I’m amused that so obvious a value judgement could be subject to a bet. No wonder an odd number of adjudicators was needed.
Another bet even leaves the size of the stake up to later judgement:
(Dec 2 1923) Professor Turner bets the Steward of SCR a large sum that it would be a good thing to have a copy of the ABC (London) Railway Guide in SCR (Won by Prof Turner, A.H.S.)
(15 Feb 1927) Mr Cox bets Professor Hardy 10/- to 1/- that Rev. Canon Cox (‘Fred’) will not be the next Bishop of Nyasaland.

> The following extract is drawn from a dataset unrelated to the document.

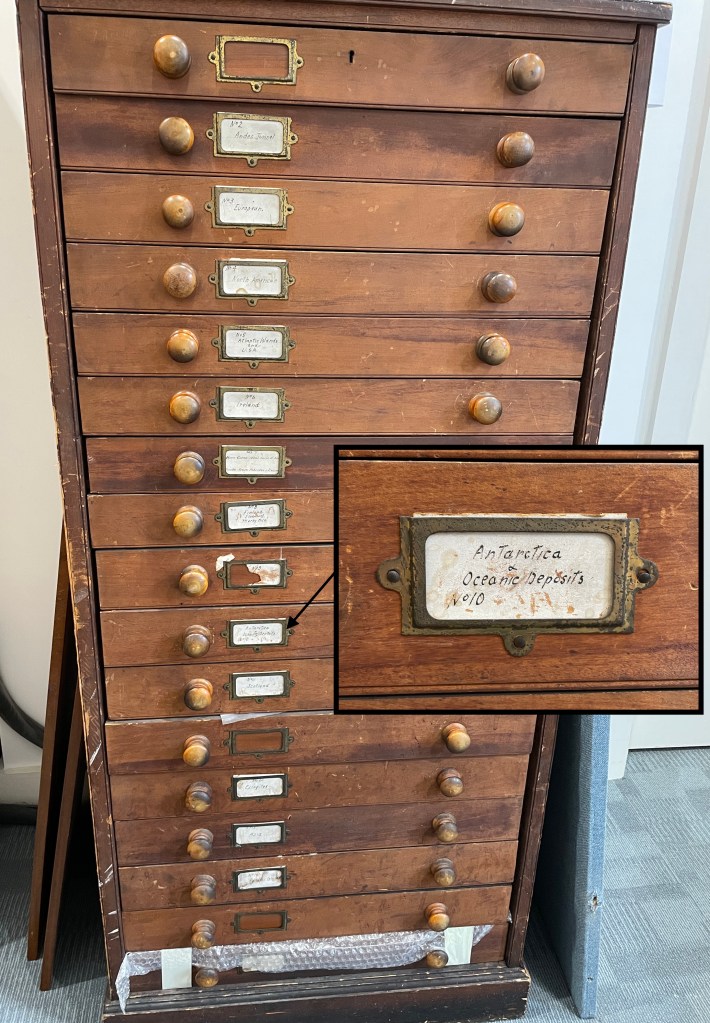 The drawer also includes rock specimens from Antarctica, from Krantz.

I love that parenthetic ‘Fred’. Unfortunately the result of this bet was not recorded. I’d like to know whether ‘Bishop Fred’ presided over the see of my early home country. In failing to settle the question for me, Google did turn up the fact that a nineteenth-century Bishop of Nyasaland was Charles Alan Smythies – very probably related to the seven generations of my Smythies ancestors who were vicars.
(11th March 1927) Mr Yorke bets Mr Cox 2/6d that no verse occurs in the Gospel according to St Matthew the literal interpretation of which justifies or advocates self-castration. Won by Mr Cox.
(October 26th 1970) Professor Sir A Ayer bets Mr Christiansen that the Chaplain will be unable, if challenged without warning, to repeat twelve of the thirty nine articles to be found in the Book of Common Prayer. The stake to be one bottle of claret.